### Records shown
_____
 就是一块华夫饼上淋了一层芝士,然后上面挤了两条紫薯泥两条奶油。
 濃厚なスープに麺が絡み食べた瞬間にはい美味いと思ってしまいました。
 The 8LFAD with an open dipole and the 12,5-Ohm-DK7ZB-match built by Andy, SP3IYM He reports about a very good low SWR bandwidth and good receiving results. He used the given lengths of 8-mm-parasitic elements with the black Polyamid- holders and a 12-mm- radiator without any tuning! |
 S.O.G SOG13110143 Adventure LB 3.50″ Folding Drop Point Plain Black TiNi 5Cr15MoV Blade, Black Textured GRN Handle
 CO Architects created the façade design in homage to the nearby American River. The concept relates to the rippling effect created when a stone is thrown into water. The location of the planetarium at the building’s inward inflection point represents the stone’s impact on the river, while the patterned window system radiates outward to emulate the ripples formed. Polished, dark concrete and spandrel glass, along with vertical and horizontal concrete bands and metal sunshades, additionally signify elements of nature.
_____
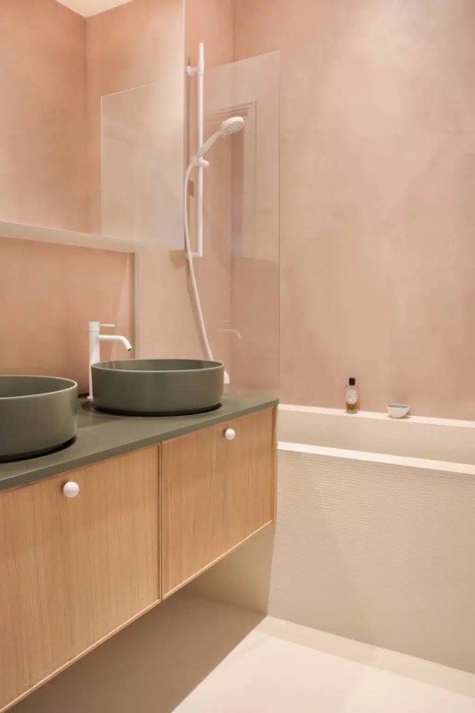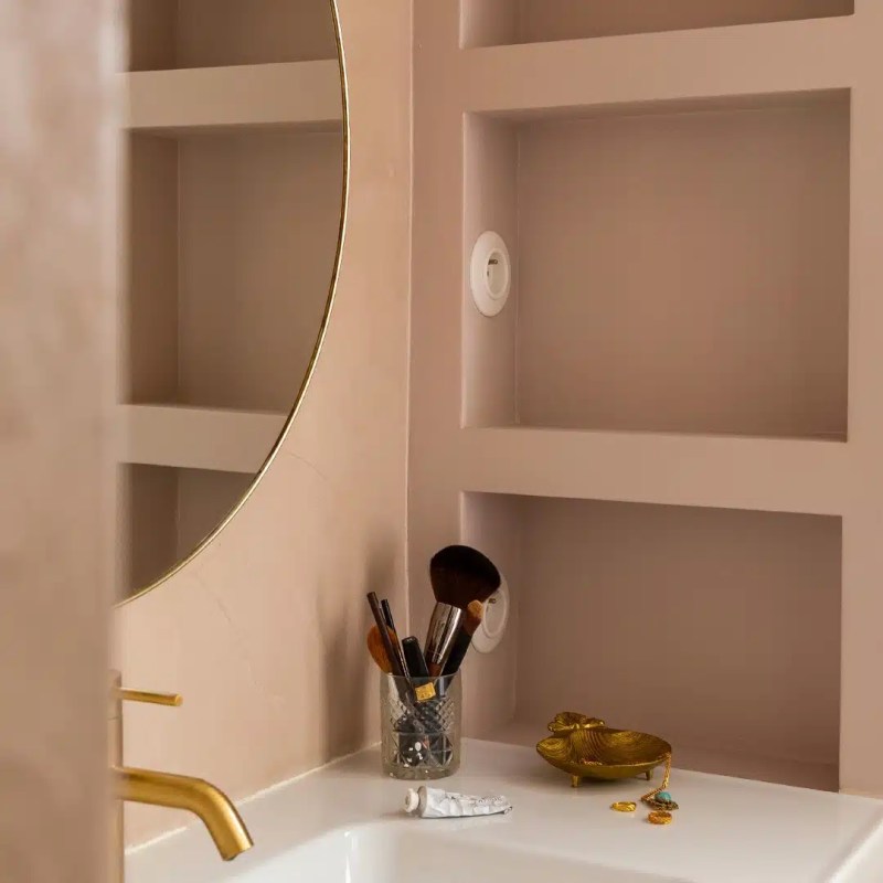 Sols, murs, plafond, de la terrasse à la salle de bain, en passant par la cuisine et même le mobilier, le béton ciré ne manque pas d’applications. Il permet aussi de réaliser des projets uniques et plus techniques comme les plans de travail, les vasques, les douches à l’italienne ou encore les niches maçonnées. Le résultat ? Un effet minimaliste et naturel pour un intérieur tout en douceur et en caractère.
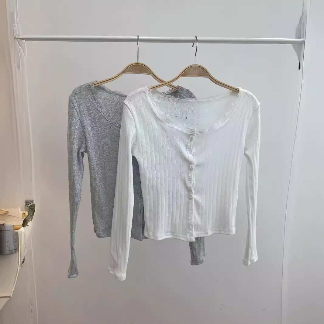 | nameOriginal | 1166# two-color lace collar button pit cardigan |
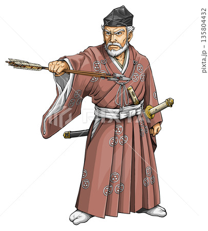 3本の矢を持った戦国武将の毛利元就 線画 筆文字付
_____
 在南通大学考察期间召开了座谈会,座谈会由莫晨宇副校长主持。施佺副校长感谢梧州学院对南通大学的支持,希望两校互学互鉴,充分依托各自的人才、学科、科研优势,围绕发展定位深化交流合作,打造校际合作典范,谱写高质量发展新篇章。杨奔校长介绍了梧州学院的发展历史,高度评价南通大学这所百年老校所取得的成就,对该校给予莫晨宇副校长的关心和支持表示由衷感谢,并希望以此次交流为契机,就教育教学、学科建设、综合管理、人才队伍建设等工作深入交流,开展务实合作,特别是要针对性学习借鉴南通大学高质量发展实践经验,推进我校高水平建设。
_____
Copy out all lines from the records where the word "elements" appears.

### Answer box
 The 8LFAD with an open dipole and the 12,5-Ohm-DK7ZB-match built by Andy, SP3IYM He reports about a very good low SWR bandwidth and good receiving results. He used the given lengths of 8-mm-parasitic elements with the black Polyamid- holders and a 12-mm- radiator without any tuning! |
 CO Architects created the façade design in homage to the nearby American River. The concept relates to the rippling effect created when a stone is thrown into water. The location of the planetarium at the building’s inward inflection point represents the stone’s impact on the river, while the patterned window system radiates outward to emulate the ripples formed. Polished, dark concrete and spandrel glass, along with vertical and horizontal concrete bands and metal sunshades, additionally signify elements of nature.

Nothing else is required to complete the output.